Hmm... think we can get Hornet out of his nest? :noidea: :chortle:

TA is 10 and 1pm and TPA is at 10am.  

I'm gonna try to make the TPA shoot this weekend if I get back from hunting in time.. :thumb: :moose:


----------



## BOWGOD (Aug 11, 2004)

IGluIt4U said:


> Hmm... think we can get Hornet out of his nest? :noidea: :chortle:
> 
> TA is 10 and 1pm and TPA is at 10am.
> 
> I'm gonna try to make the TPA shoot this weekend if I get back from hunting in time.. :thumb: :moose:


i ain't even gonna talk smack about my indoor game i preffer not to eat crow if i don't got to. indoors might just be my weekness. i can shoot decent scores but by no means do i consider myself good at it my 5 spot average is 297 with a PB of 299 my vegas average is around 282 with a PB of 292. i'll save the trash talk for outdoors. 

oh i did just pick up a new hornet slayer for field.


----------



## tabarch (Sep 20, 2006)

blondstar said:


> Hey Terry
> Yelp send me the info, the weeknights work out better, thanks Terry



Blondstar, Bowgod and Va Vince
I have requeted some info from the club sec. and will pass it on to you when I receive it. I will get you the club contacts and the address for the indoor range and send it to you.
Terry


----------



## BOWGOD (Aug 11, 2004)

tabarch said:


> Blondstar, Bowgod and Va Vince
> I have requeted some info from the club sec. and will pass it on to you when I receive it. I will get you the club contacts and the address for the indoor range and send it to you.
> Terry


okie dokie


----------



## Jbird (May 21, 2002)

*Cabin Fever*

The cold and the snow have already visited us here on the frozen tundra. We will venture outside with our skinny arrows again around May 1. Five months of misery and five months of indoor or nothing. I can see light at the
end of the tunnel though. Counting the days till we can move back home where you can shoot outside 9 months of the year. Wish we could take our friends from here back with us.
Jbird


----------



## BOWGOD (Aug 11, 2004)

Jbird said:


> The cold and the snow have already visited us here on the frozen tundra. We will venture outside with our skinny arrows again around May 1. Five months of misery and five months of indoor or nothing. I can see light at the
> end of the tunnel though. Counting the days till we can move back home where you can shoot outside 9 months of the year. Wish we could take our friends from here back with us.
> Jbird


it's indoors or nothing here but thankfully we haven't seen snow yet.
i don't mind indoors, but i have to pace myself through indoor season. when it first starts up i'm all GUNG HO and want to shoot all the time, but i get burnt out quick shooting dots at 20 yards. burnt to the point that i'd rather not even shoot. i guess i only have so many 20 yard rounds in me per year.
i'd much rather be out in the fresh air, with natural light and varying terrain.

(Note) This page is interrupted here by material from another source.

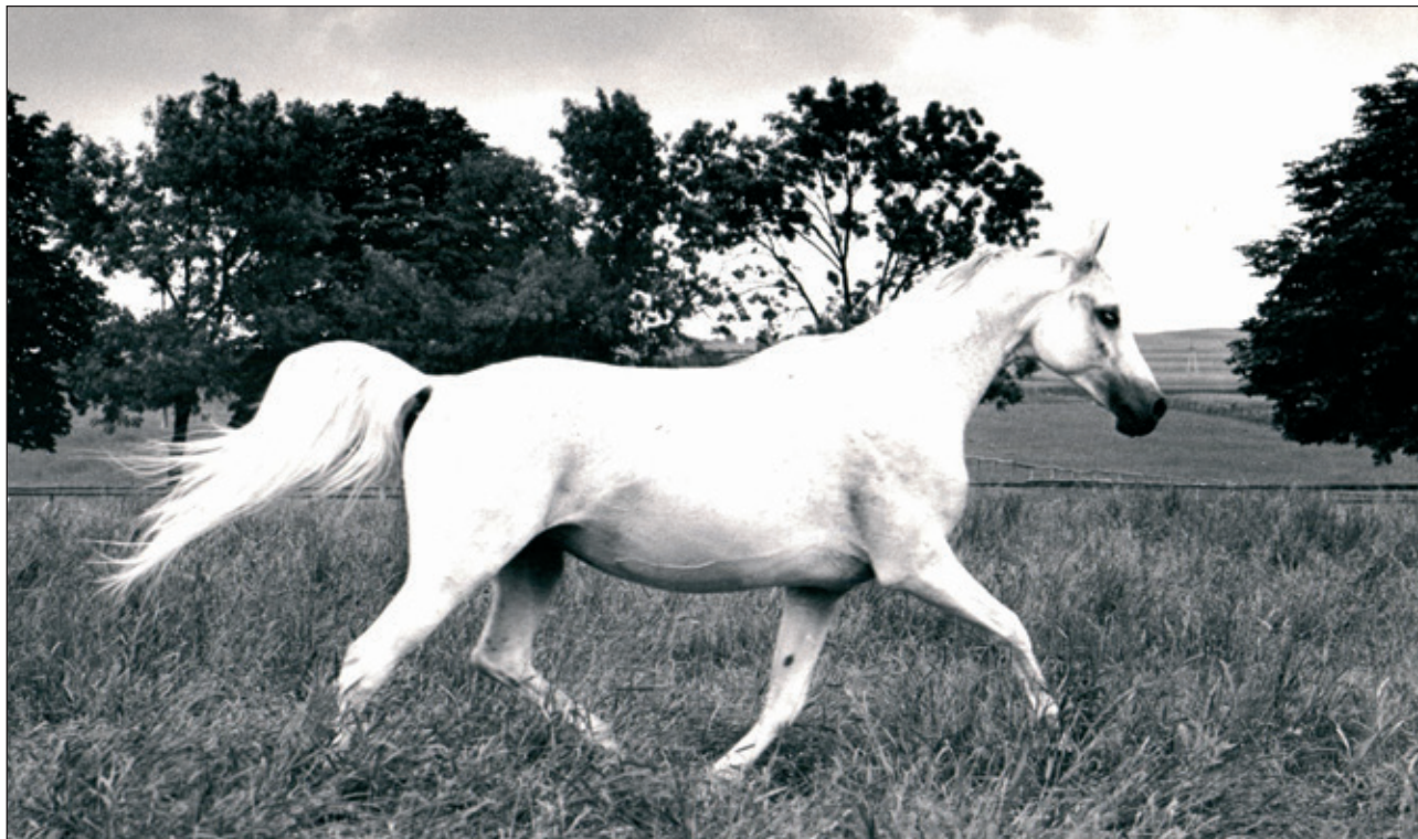
Estebna (Nabor x Estokada by Amurath Sahib)

I t is commonly believed that the progeny of two successful show horses do not necessarily need to exhibit all the admired traits of their sire and dam or to follow in their footsteps as show champions. Genetics, as we know, can be quite tricky, which in turn makes breeding an unpredictable venture full of unexpected outcomes. It is enough to look at some full siblings to understand that mating of the same individuals may each time bring a totally different result from a phenotypical point of view. A similar level of uncertainty is related to crossing two show winners. However, it happens that some families or strains carry a great genetic potential which continually results in producing remarkable representatives of the Arabian breed who become successful show champions.

i think we need a polar bear field league that runs from dec.- march


----------



## Jbird (May 21, 2002)

*Polar Bear League*

We thought about that up here too but after a while the woods build up about a 2 ft base of snow that never goes away till spring. We don't lose many arrows any more so that is not the problem it would be for the newbies
but standing in snow up to your knees would take the shine off of it pretty quick for my wife. LOL


----------



## BOWGOD (Aug 11, 2004)

Jbird said:


> We thought about that up here too but after a while the woods build up about a 2 ft base of snow that never goes away till spring. We don't lose many arrows any more so that is not the problem it would be for the newbies
> but standing in snow up to your knees would take the shine off of it pretty quick for my wife. LOL


they have 3d shoots here starting jan. 1st and those guys go out in the snow to shoot so why the heck can't we shoot field in the snow???? 
of course we don't get snow like you get snow. i used to live in a place that was like that solid 12 inches or more from the end of oct thru the end of march. it sucked


----------



## Dave T (Mar 24, 2004)

*Cabin Fever?*

I would say something about the perfect weather we had Sunday for our club 28 target combined shoot...but that last time I mentioned the weather out here someone got *****y about it. So...

Have a nice winter, ya'll! (smiley face goes here)

Dave


----------



## BOWGOD (Aug 11, 2004)

Dave T said:


> I would say something about the perfect weather we had Sunday for our club 28 target combined shoot...but that last time I mentioned the weather out here someone got *****y about it. So...
> 
> Have a nice winter, ya'll! (smiley face goes here)
> 
> Dave


lol
just rub it in.


----------



## jarlicker (Jul 29, 2002)

Dave T I think you will just have to tell the wife to set a few extra places at the table cause you have asked a few archery buddies coming over to stay with ya for a few months. Just until the weather clears up.

What do you think?

Sounds like a road trip guys.


----------